(Items listed in a dataset)

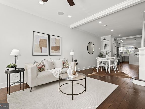 Discover the best of city living in this stunning Building Character renovation, complete with 7 years remaining on the CHAP tax credit—a rare opportunity for long-term savings. Inside, you’ll find soaring ceilings, exposed brick, crown molding, and gleaming hardwood floors that create a warm, sophisticated feel. The spacious living room flows into the dining area, highlighted by custom built-ins perfect for display or audio equipment. At the heart of the home, the chef’s kitchen features a dramatic waterfall quartz island with seating, 42” soft-close cabinetry, subway tile backsplash, quartz counters, and premium stainless steel appliances—an ideal space for both daily living and entertaining. The upper level boasts a luxurious primary suite with a walk-in closet, recessed lighting, hardwood flooring, and a spa-like en-suite bath with dual vanities and a glass-enclosed shower with dual shower heads. A second bedroom with vaulted ceilings and exposed brick has easy access to a designer hall bath with rain shower. A convenient laundry closet completes this level. From here, head up to the private rooftop Trex deck with panoramic skyline views, the perfect spot for entertaining or relaxing. The fully finished lower level offers incredible flexibility with a third bedroom, full bath, private office, or optional fourth bedroom, plus extra storage space. Additional features include a whole-house audio system for a truly modern lifestyle. Outside, enjoy the convenience of a private TWO CAR parking pad, a true city luxury. With unmatched craftsmanship, high-end finishes, and an unbeatable Brewers Hill location near I-95, I-895, and I-83, this home is a rare find you won’t want to miss!
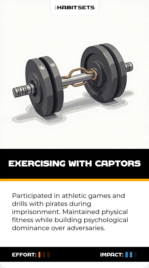 Participated in athletic games and drills with pirates during imprisonment. Maintained physical fitness while building psychological dominance over adversaries.
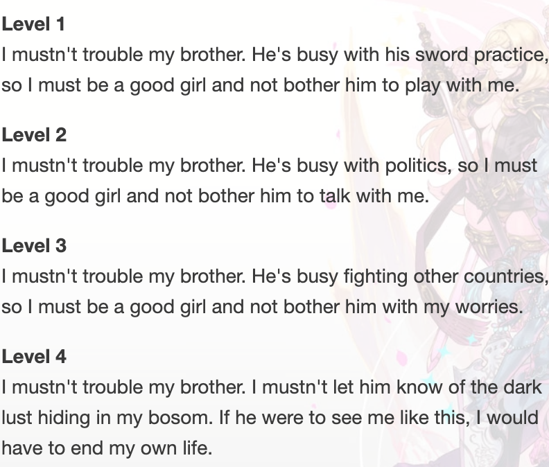 A life of constant dishonesty in combination with the isolation required to maintain the seal as the goddess has left Furiae tired with certain indifference towards even the potential ending of the world as it takes its toll on her body. The treasured days of her youth as a princess with Caim and Inuart lost to a secluded tower of only the bare minimum living amenities, by the timeline of the game itself, Furiae can almost hardly be considered alive. What keeps her going is her love for Caim, a quiet, hidden candle always burning in her chest. As long as she knows that her older brother is out there somewhere, loving her even if only in a familial way, Furiae trudges on with graceful diligence.
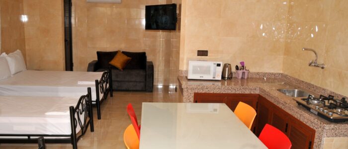 Studio climatisé à 5 minutes à pied de la place djemaa El Fna ,au calme dans résidence de bon standing,vacances à marrakech,Vue sur Palais Badai, avec Balcon,terrasse, Cuisine équipée, ,ensoleillé,les petits Taxis sont à 10 mètres.
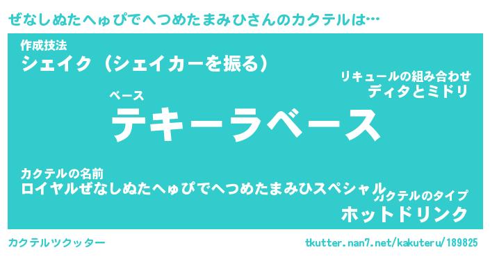 | 料理風あだ名 | 『ネギたっぷりぜなしぬたへゅぴでへつめたまみひの南蛮漬け』 |
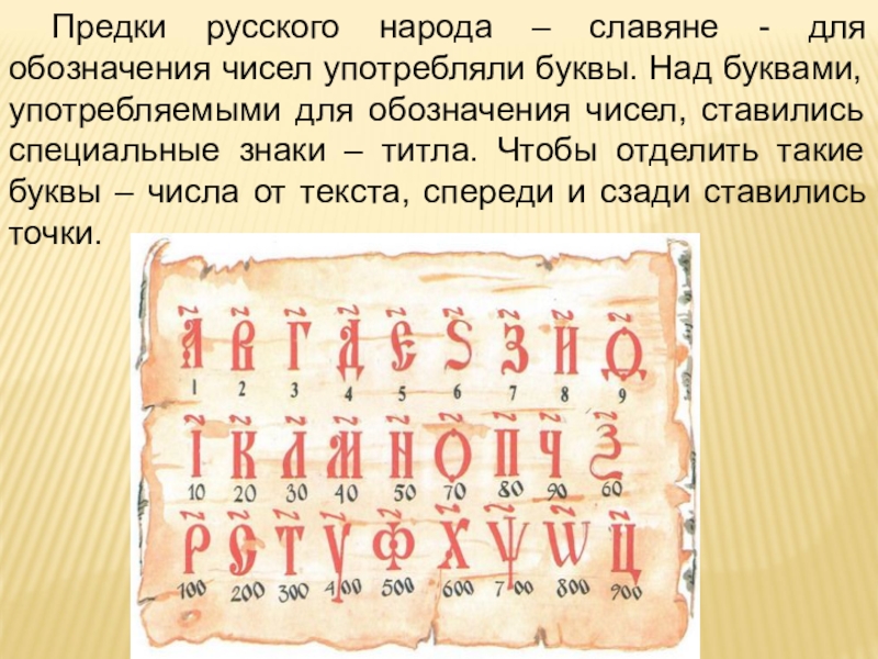 Слайд 16Предки русского народа – славяне - для обозначения чисел употребляли буквы.
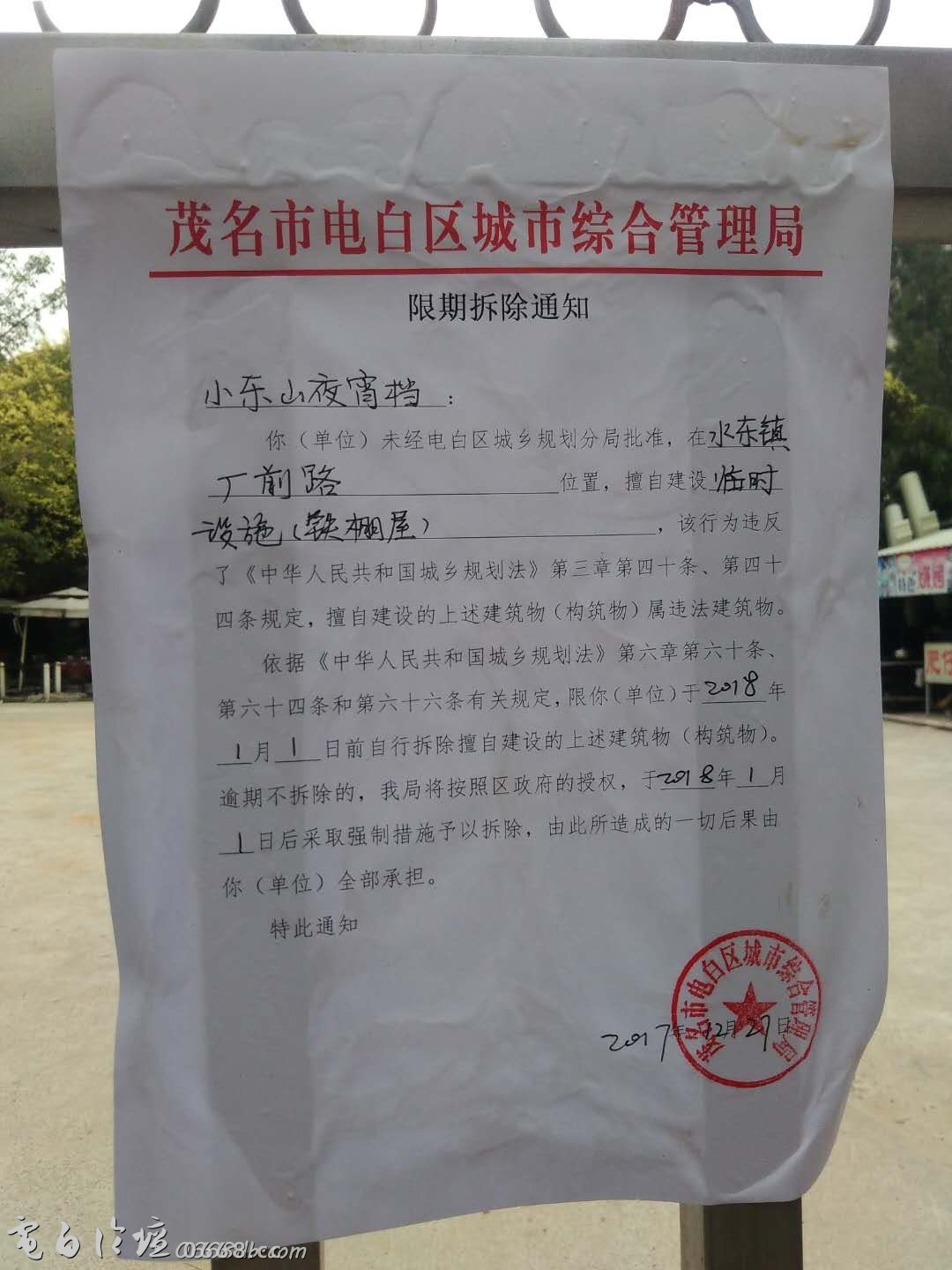 公告大概是以这些建筑违反了未报建批准,影响了城市扩展和市容市貌。这一条来处理拆除水东镇广隆岭,有二、三十年纠纷土地上的建筑。这样做不公平,难以服众。二十年前有多少座民房报建的?所以我认为这个公告也是拆不了这个建筑。政府部门三次发出通知书,第一区城管局2017.12.27发巜限期拆除通知书》。第二市城乡规划局2018.4.8发巜限期拆除事先告知书》。第三区人民政府2018.5.22发巜茂名市电白区人民政府通告》从这三个巜通知书》、巜告知书》、巜通告》来看政府部门是想解决这个问题,但是方法上一错再错,首先发巜通知书》的城管局是不可能处理农村问题的。期次发巜告知书》的城乡规划局是2018年成立的更不可能处理历史问题。第三发巜通告》的区政府怎么能发出通告说要拆别人二、三十年前没有报建的房子?那其他的没报建的要不要拆?我们就坐等看区政府的笑话吧!
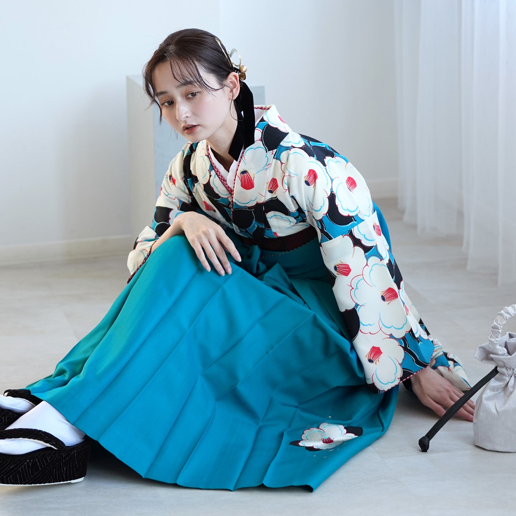 着物・袴・草履・バッグ・重ね襟(着物に縫い付済)・半巾帯・肌襦袢+長襦袢一体化インナー(白無地半襟付き)・前板・着付けベルト・ウエストベルト・腰ひも3本セット・伊達締め ・マジックベルト・衿芯・足袋(プレゼント)
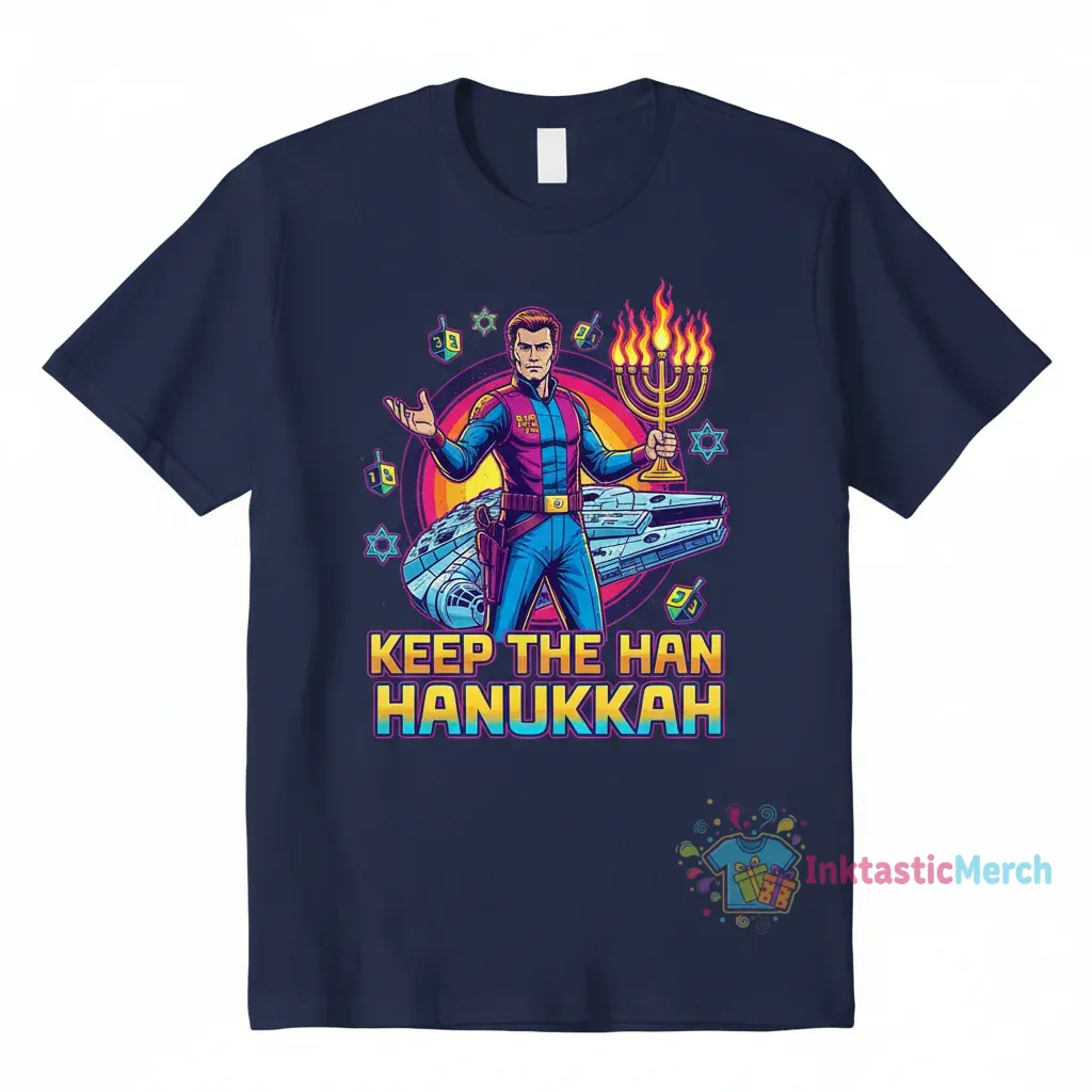 Celebrate the Festival of Lights with humor and comfort in this ‘Keep the Han in Hanukkah’ t-shirt from InktasticMerch. Crafted from 100% ring-spun cotton with a pre-shrunk, retail fit and side-seamed construction, this shirt offers superior softness, breathability, and lasting wear for all your festive gatherings.
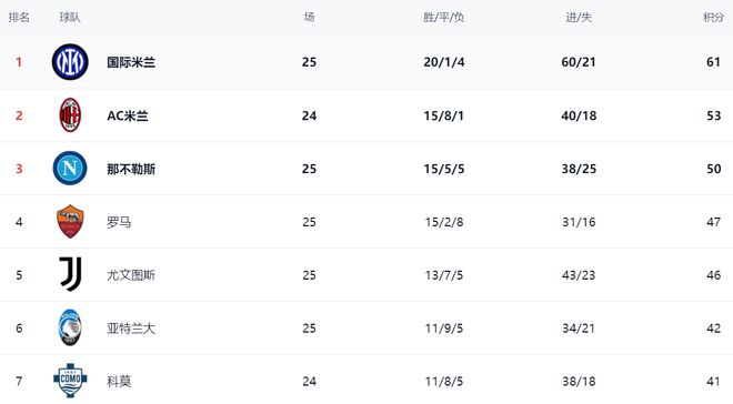 在积分榜上,国际米兰高居榜首,拿到61分,距离冠军越来越近。AC米兰53分排名第2,足足落后8分。不过,AC米兰少踢1轮。那不勒斯战平之后,总积分是50分,排名第3。而罗马则超越了尤文图斯,升到了第4名。罗马总积分是47分,尤文图斯则拿到46分。亚特兰大42分排第6。第7的是科莫,拿到41分。

TASK GOAL: The stretch above running from the line with "Studio climatisé à" through the line with "Слайд 16Предки русского" is all you should copy, exactly, leaving out the pictures.

RESPONSE TO THE EXERCISE:
 Studio climatisé à 5 minutes à pied de la place djemaa El Fna ,au calme dans résidence de bon standing,vacances à marrakech,Vue sur Palais Badai, avec Balcon,terrasse, Cuisine équipée, ,ensoleillé,les petits Taxis sont à 10 mètres.
 | 料理風あだ名 | 『ネギたっぷりぜなしぬたへゅぴでへつめたまみひの南蛮漬け』 |
 Слайд 16Предки русского народа – славяне - для обозначения чисел употребляли буквы.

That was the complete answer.